I’d hoped that the spell surrounding Cormac would fade. It didn’t seem to be going anywhere, though. Despite being unfamiliar with the spell, it didn’t take much effort for me to free him from it. Like a lot of Summer’s castings, it required more power than skill to cast. I thought I could replicate and improve it if I invested time. Like her name implied, Summer Benton burned hot with magic. Her raw power could overwhelm any unprepared witch, no matter how practiced they were. Despite her preference for fast and flashy spells, she wasn’t all strength and no technique. I’d seen what happened to someone who underestimated the complexity of her abilities, and it haunted me. 

Since I didn’t use the DPI card to pay for my healing session, I tracked down a technomancer. I liked the idea of making them pay for magic that would protect me against their spying. I didn’t know for certain that they would check up on my phone, but I couldn’t risk it if I wanted Cal’s help to track Peter’s spirit. The technomancer’s booth didn’t glow with the floating lights that lit the rest of the market. Instead, a tricked-out storm lantern that definitely did more than light up hung from the center of her tent’s ceiling. The tables held magically enhanced phones, tablets, and laptops more than anything else. Many technomancer’s only sold devices they’d enabled to reach the specternet. This one had a bit more variation to his wares. I noticed a selection of wireless headphones, portable game consoles, and digital watches. 

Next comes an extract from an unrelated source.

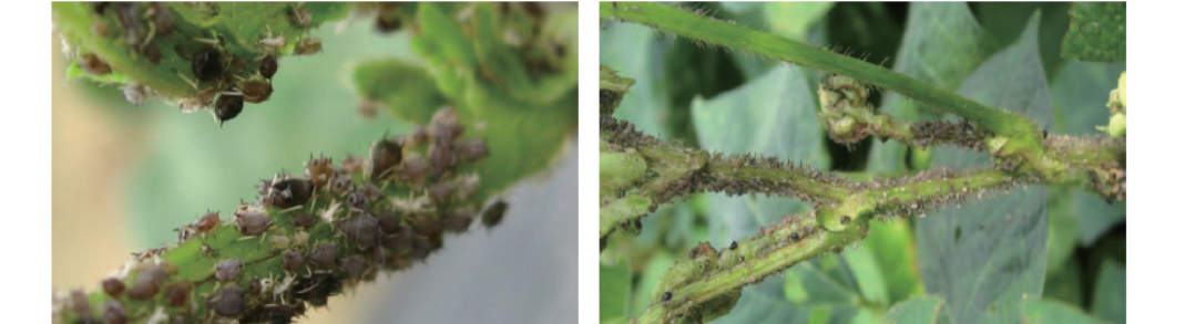 - 진딧물은 어린줄기와 꼬투리에 무리를 이루어 수액을 빨아 먹으며, 작물에 바이러스병을 옮김. 진딧물 배설물에 의한 그을음병이 팥 꼬투리에 발생함
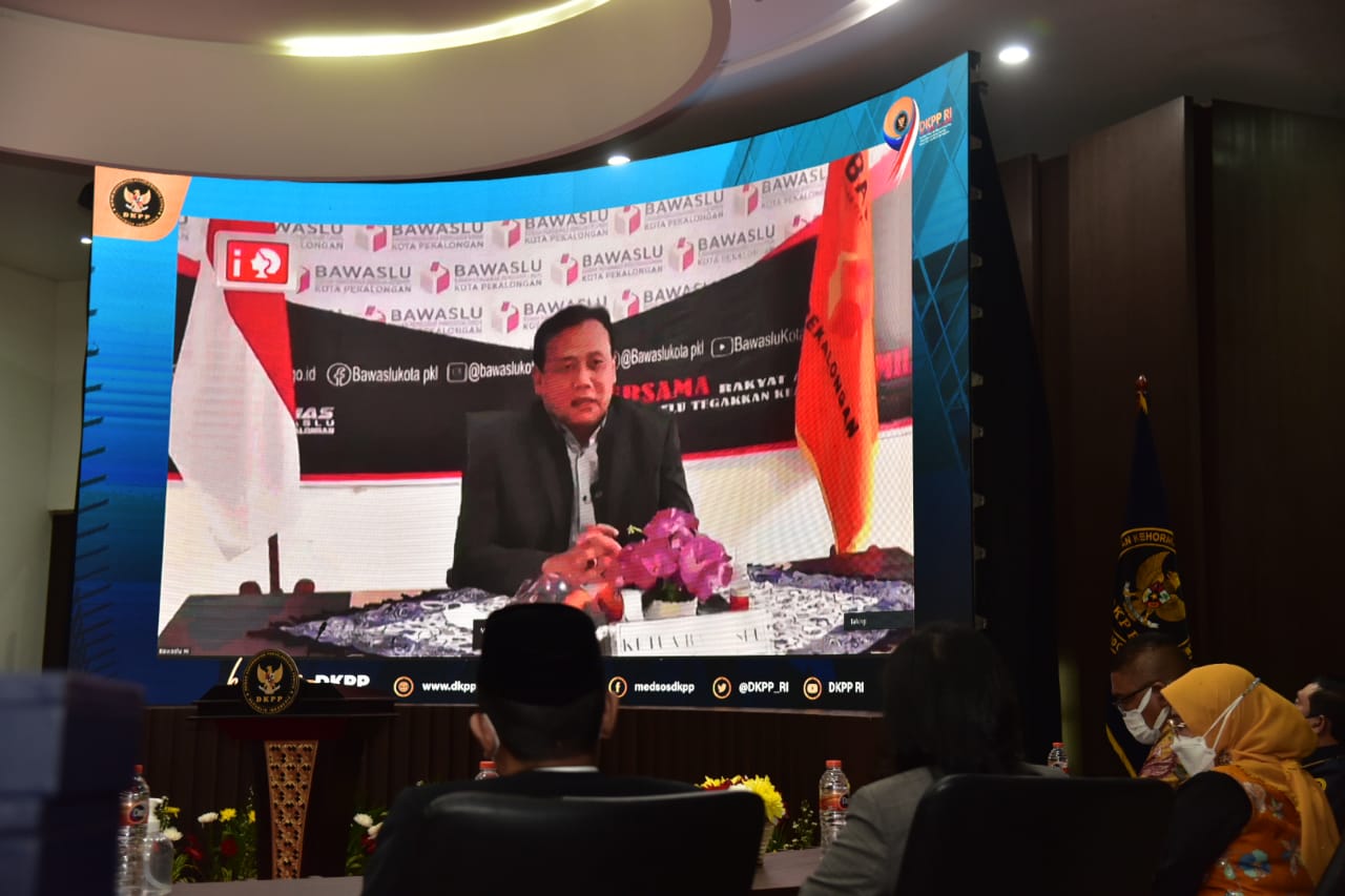 Ketua Bawaslu Abhan saat memberikan sambutan dalam perayaan ulang tahun kesembilan DKPP secara daring (dalam jaringan), Senin 14 Juni 2021/Foto: Rama Agusta (Pemberitaan dan Publikasi Bawaslu RI)

“Looking for anything specific?” the technomancer asked. He smirked like he had a secret. It looked good on him. He’d gone for a cyberpunk aesthetic with a mohawk that went from purple to neon pink, and matching LED lights tracked over the seams of his jacket. 

“I need protections against hacking and spyware on my phone,” I said. 

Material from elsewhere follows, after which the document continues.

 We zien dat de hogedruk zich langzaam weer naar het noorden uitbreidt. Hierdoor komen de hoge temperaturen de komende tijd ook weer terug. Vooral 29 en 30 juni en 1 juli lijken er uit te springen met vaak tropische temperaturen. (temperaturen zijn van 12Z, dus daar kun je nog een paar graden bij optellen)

“Easy-peasy, gimme,” he said, holding his hand up for my phone. 

I handed it over and watched as neon pink magic mimicked circuitry flowing from his hand over the phone. Seeing technomancy made me think that our subconscious shaped how our magics manifest. Depending on the person casting it, I’d seen it appear as binary code, interlocking gears, and sci-fi laser beams. I enjoyed watching the ever-shifting pink and purple ombré of his magic. He winked at me when I looked back up at his face. I added his confidence and pale blue eyes to the quickly forming list of qualities I liked about this witch. 

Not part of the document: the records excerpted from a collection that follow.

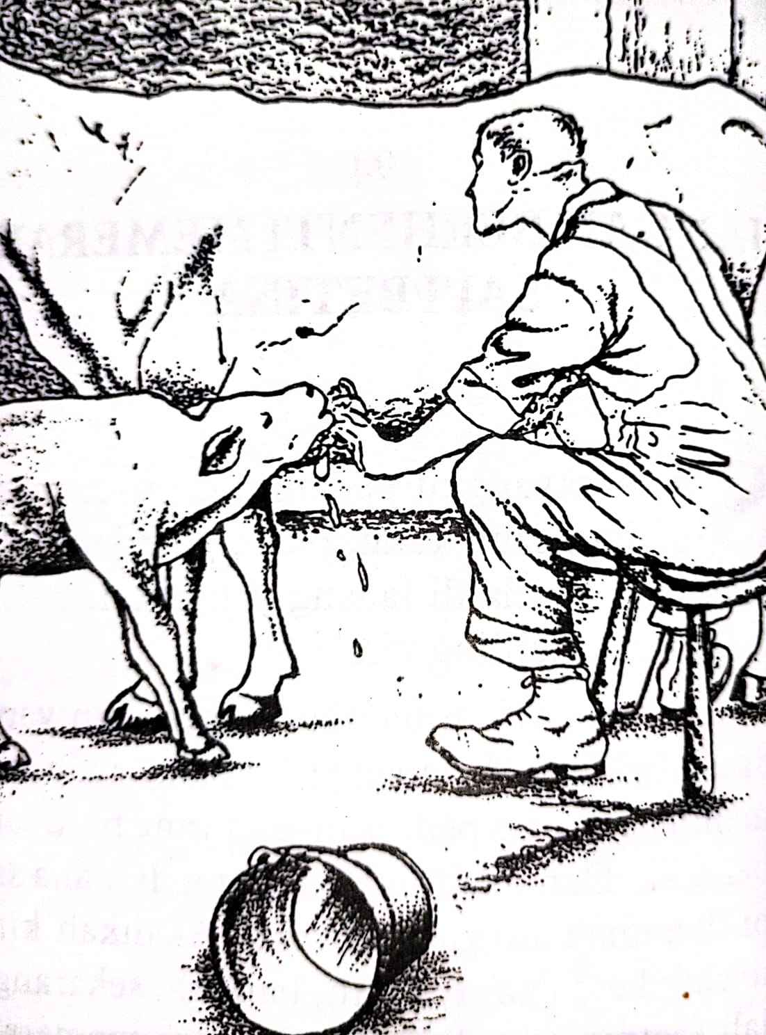 Sekarang anak-anak sapi menyusu pada dagu induknya. Semakin banyak ia menyusu, maka semakin banyak ia mengeluarkan air liur, sehingga anak sapi itu hanya menelan ludahnya sendiri. Anak sapi itu tidak mendapatkan susu dengan cara ini! Tidak adakah cara lain yang lebih baik?
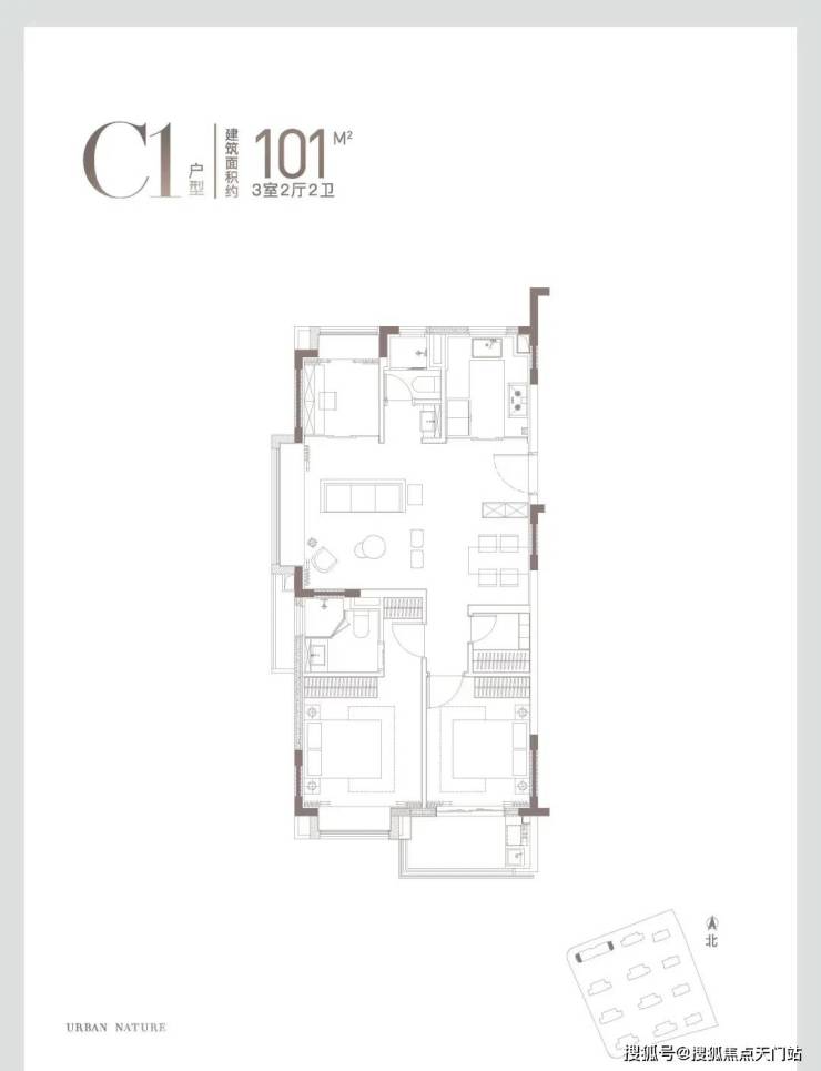 从户型设计看,建面约100、101㎡三房 三开间朝南 ,动静分区、全卧飘窗,主卧就寝区→衣帽间→卫浴间层层递进,仪式感满满。
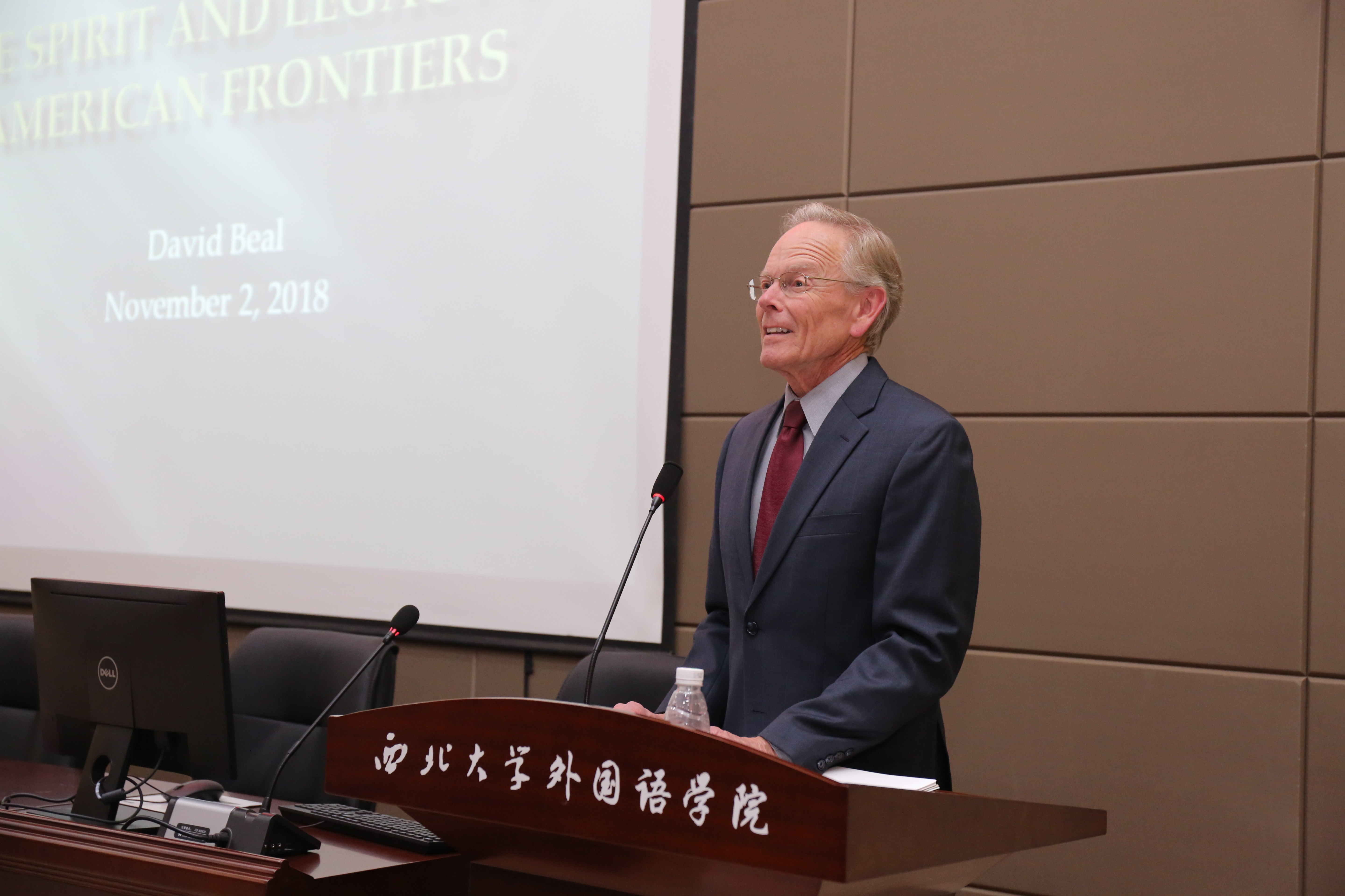 David Beal(大卫·比尔)从社会与文化角度出发,作了题为“美国的边境精神与遗产”的报告。他介绍了包括旧西方、路易斯安那州及太平洋沿岸等美国边境的情况,简述了以美国早期移民自由精神为代表的美国精神与遗产的广义范畴。此外,他也热情地分享了自己在中国的生活,并表示中美民间文化的不断交流是中美关系向前迈进的不竭动力。

He handed back my phone and accepted payment for the spell work. As I walked away, my phone vibrated. I looked down and saw a new message. “My name is Lee, btw ;)” I looked over my shoulder, and he winked at me as a new customer walked into his booth. For a moment, I forgot about my near-death experience and my meeting with Summer. I texted him back and savored the flirtation for the rest of my walk back to Saphina’s booth.